- **About this task**: From the line that contains "Fullu frágengin lóð" to the last line of the data below, transcribe every line exactly. Do not include the pictures.

- **Data provided**:
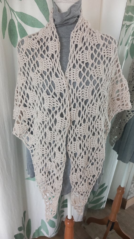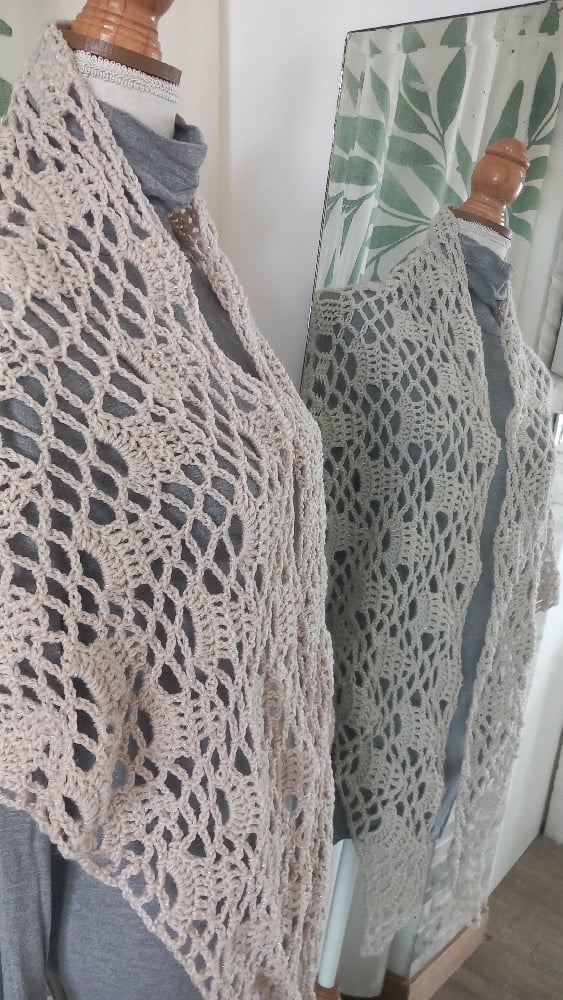 Je vous propose un châle que j’ai réalisé avec beaucoup de patience et d’amour, maille après maille.
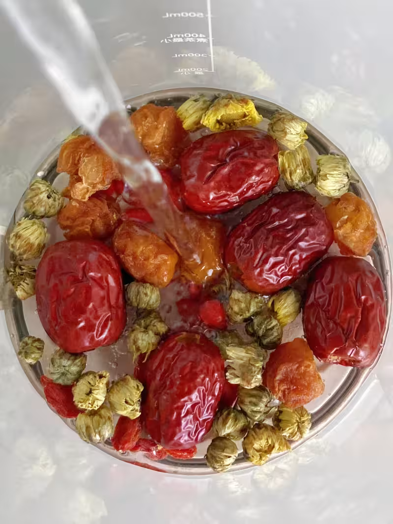 紅棗,枸杞,菊花:這三味藥都是入肝的。枸杞可以滋養gan血,紅棗可以幫助肝臟解du,菊花則可以清肝熱。
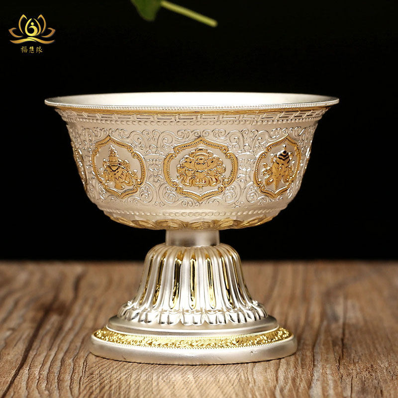 All alloy water cup Gilded eight cup high foot water cup diameter 9 5cm
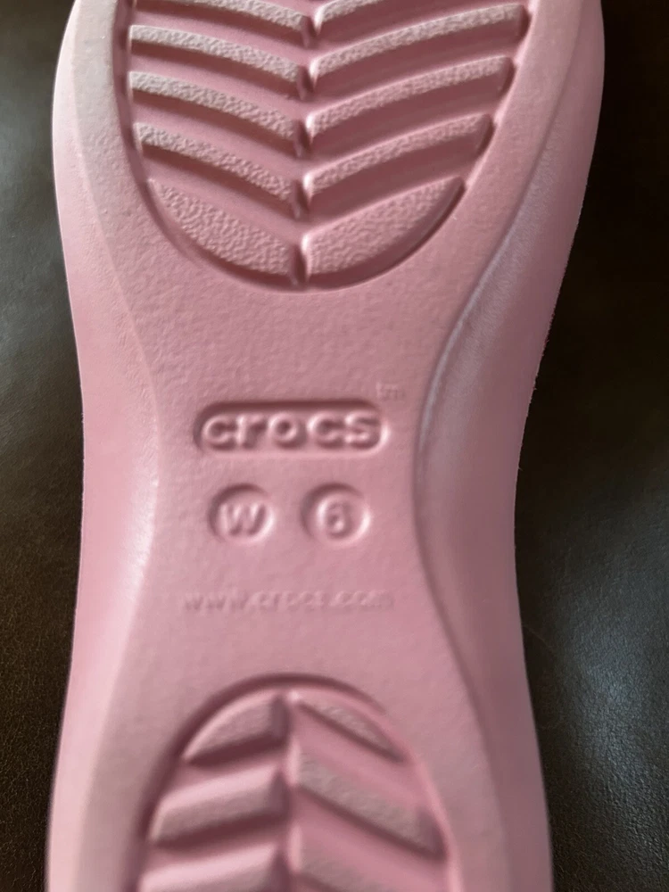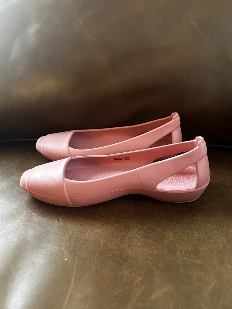 These are women's size 6 Crocs flats in a slip-on loafer style. The shoes feature a round toe shape, flat heel under 1 inch, and a comfortable cushioned design with Crocs' iconic comfort. They are a versatile choice suitable for travel, activewear, casual outings, and workwear. The pink color with a red manufacturer accent adds a touch of style to the classic Crocs design, making them a limited edition item perfect for walking or driving activities in any season.
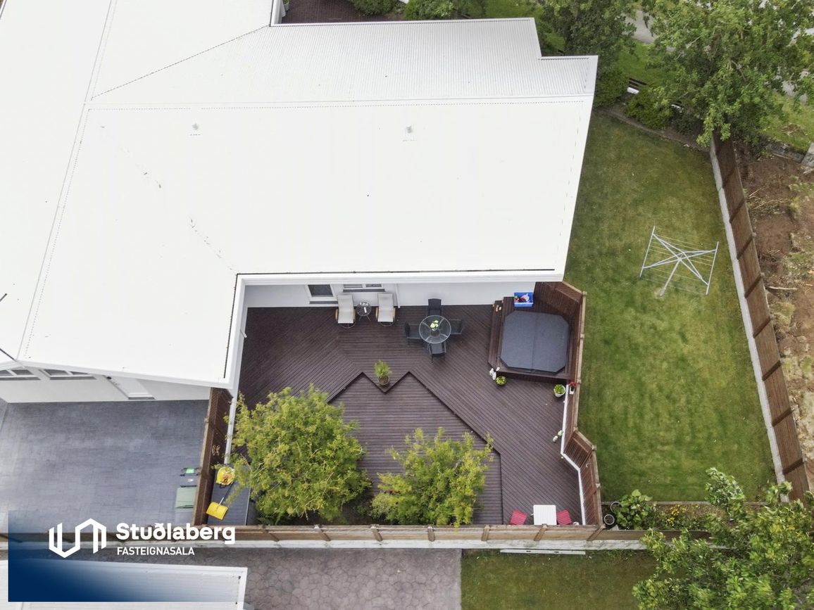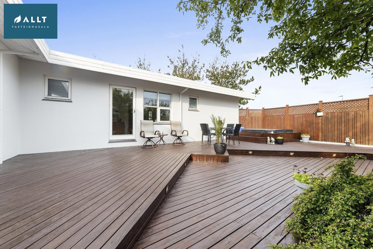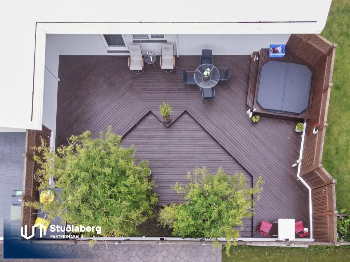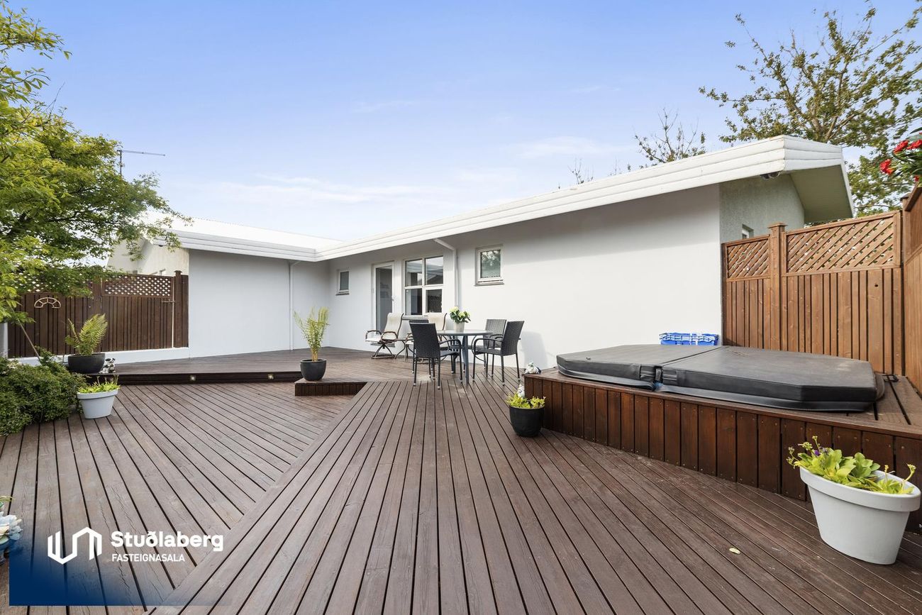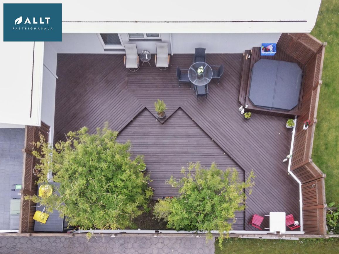 Fullu frágengin lóð með veröndum á þrjá vegu, heitum potti og gróinni lóð.
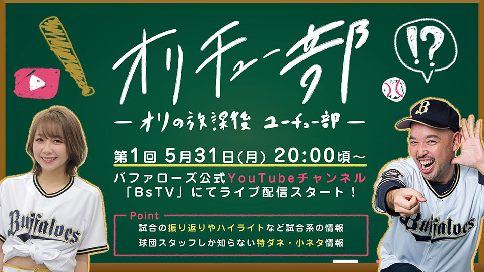 放課後の教室に仲間が集まっておしゃべりするように、ファンと一緒にわいわい楽しくおしゃべりしたい!オリックスファンみんなで盛り上げていくYouTube番組「オリの放課後 ユーチュー部」がスタート、BsTVにてライブ配信いたします!

- **Written response**:
 Fullu frágengin lóð með veröndum á þrjá vegu, heitum potti og gróinni lóð.
 放課後の教室に仲間が集まっておしゃべりするように、ファンと一緒にわいわい楽しくおしゃべりしたい!オリックスファンみんなで盛り上げていくYouTube番組「オリの放課後 ユーチュー部」がスタート、BsTVにてライブ配信いたします!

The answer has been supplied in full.